Postscript on definitios:
The Fukuda definition (1994) was only intended to be temporary until subsets of patients had been identified using biomarkers. If you actually READ the article itself, you will see that. CDC has done nothing in this regard. 18 years. Nothing.
The Reeves definition, sometimes misleading called “empirical,” is without any basis at all. In the lone article where he used his questionnaires on a set of 58 Kansas patients who had been diagnosed with CFS using Fukuda, he could only come up with SIX who met his definition. I would hardly call that a ringing endorsement. It should be dumped.
The Canadian definition of 2003 was created by a committee of seasoned clinicians after Canada adopted its own version of ICD-10 and placed both CFS and M.E. in the same category. It is intended for clinical use, but it has already been useful in research. If nothing else, use this definition.
Dr. Reeves always said there would be no references to different names or definitions until the community of scientists came up with one. Well – they have. Last summer a group of researchers and clinicians led by Bruce Carruthers published an article in the Journal of Internal Medicine, defining Myalgic Encepalomyelitis and offering a way to diagnose it. (I should note that Melvin Ramsay had a textbook describing M.E. in the 1980s – this has been ignored by CDC.) The new M.E. definition makes post-exertional exacerbation of symptoms – which can be measured objectively – the center of the disorder – not chronic fatigue.
This is what we need = acceptance of the diagnosis of Myalgic Encephalomyelitis with a scientific definition. For those diagnosed with chronic fatigue syndrome who do not meet the criteria for Myalgic Encephalomyelitis, I would recommend the Canadian definition – and if they don’t meet that, find out what they really have. And treat them.

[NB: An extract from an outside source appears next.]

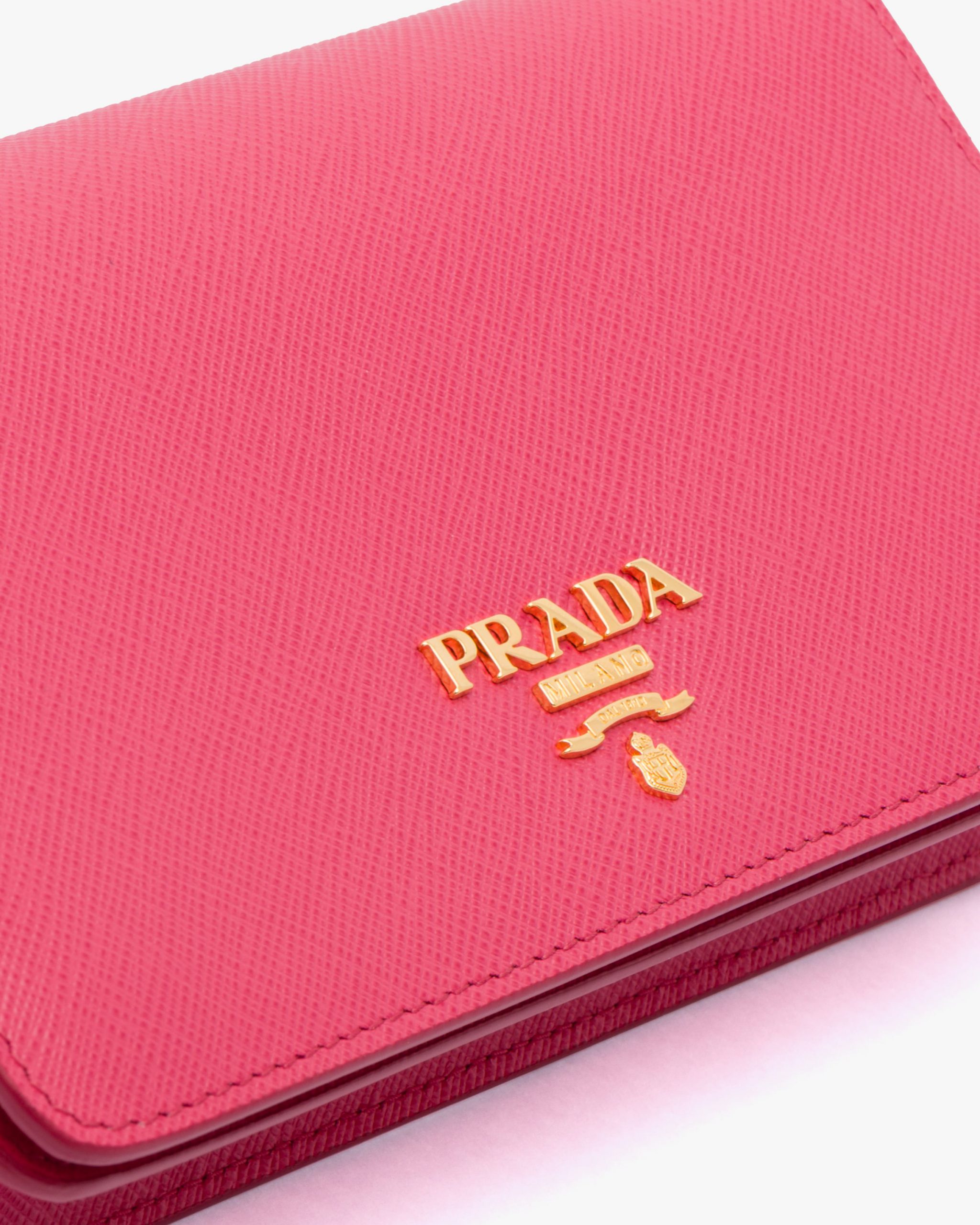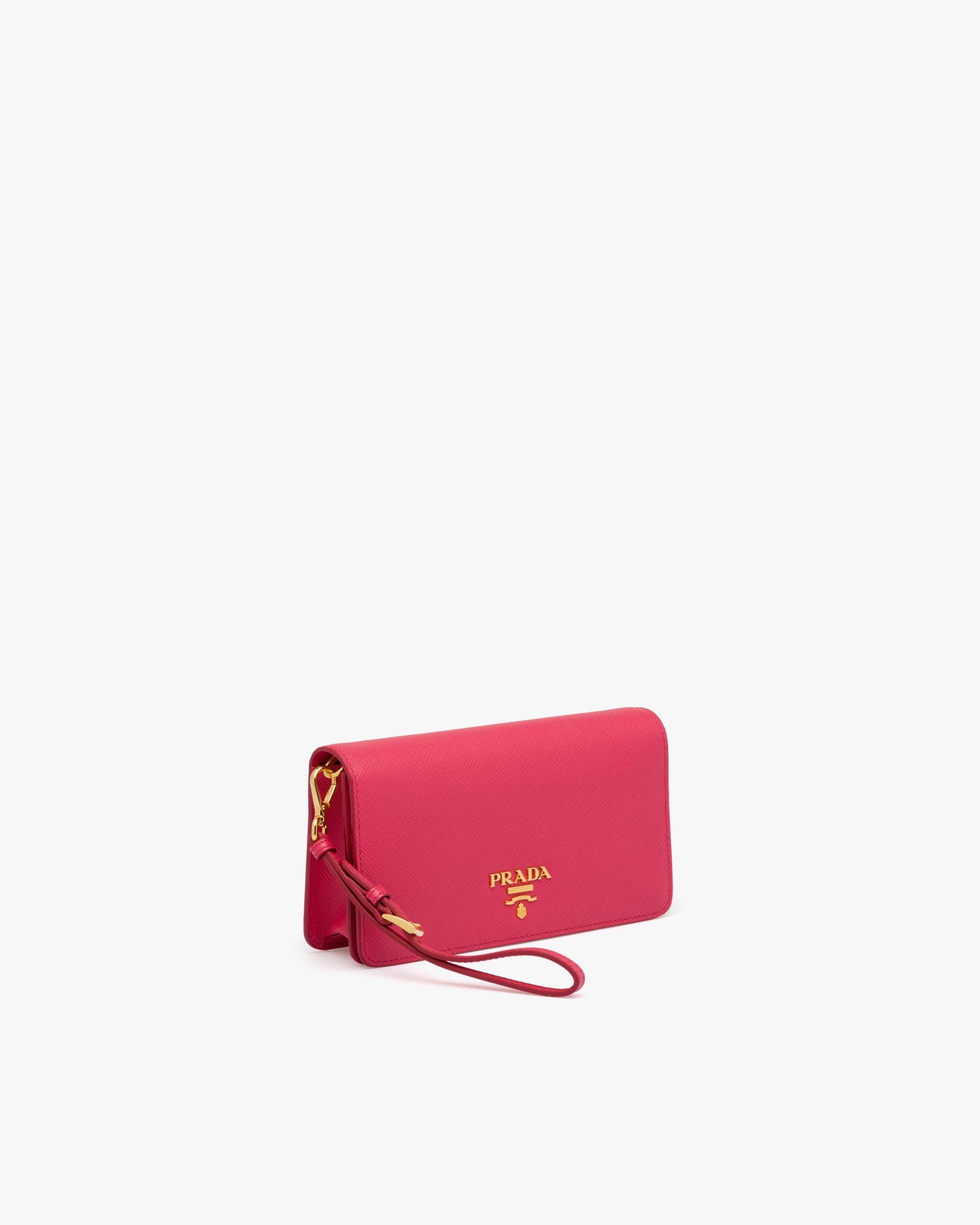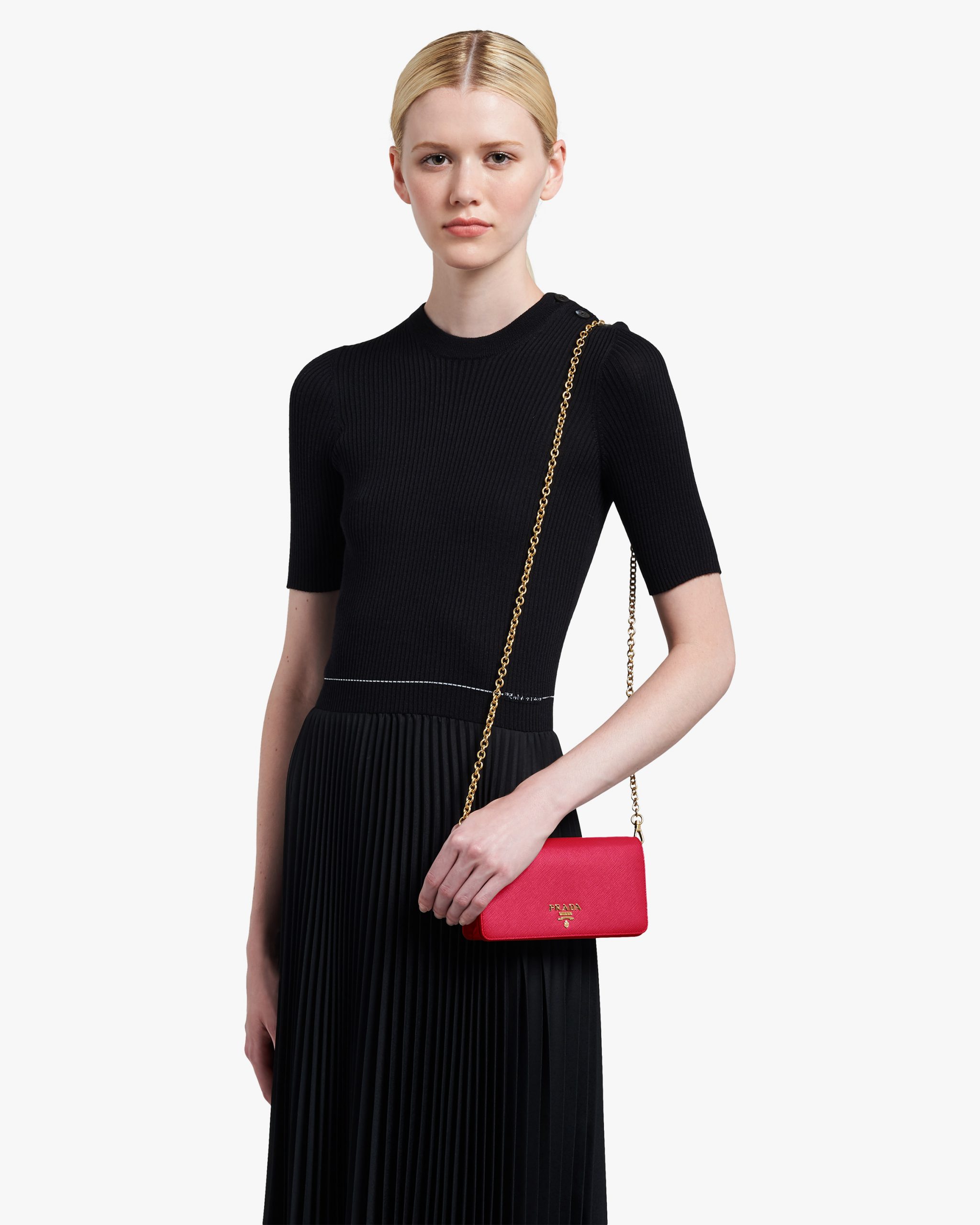 Refined and with a minimal design, this Saffiano leather mini-bag has a detachable chain shoulder strap.

CFS was a misstep. When the cluster outbreaks occurred around the United States in the 1980s, American clinicians did not know about M.E. because it was not used in the United States – epidemic neuromyesthenia had been used to mean the same thing, but there had been little about it after the 1970s.
Had those cluster outbreaks occurred in Surray, England, instead of lake Tahoe, or Lyndonville NY, or Rockville Maryland, or Hollywood, or Cherry Hill NJ – the patients would have been diagnosed with M.E. We would be much further along (I would hope) on diagnosing and treating patients.
Instead, CDC and NIH (represented by the late Stephen Straus) went its own way, adopting a made-up name for a disease that already had a name, a definition, and research. We have been set back 30 years by this misstep.
Time to go back to the name in place before that misstep – M.E. – time to accept that there already exist formal definitions for the disease, and time to quit saying its so mysterious, because it is not. Thank you.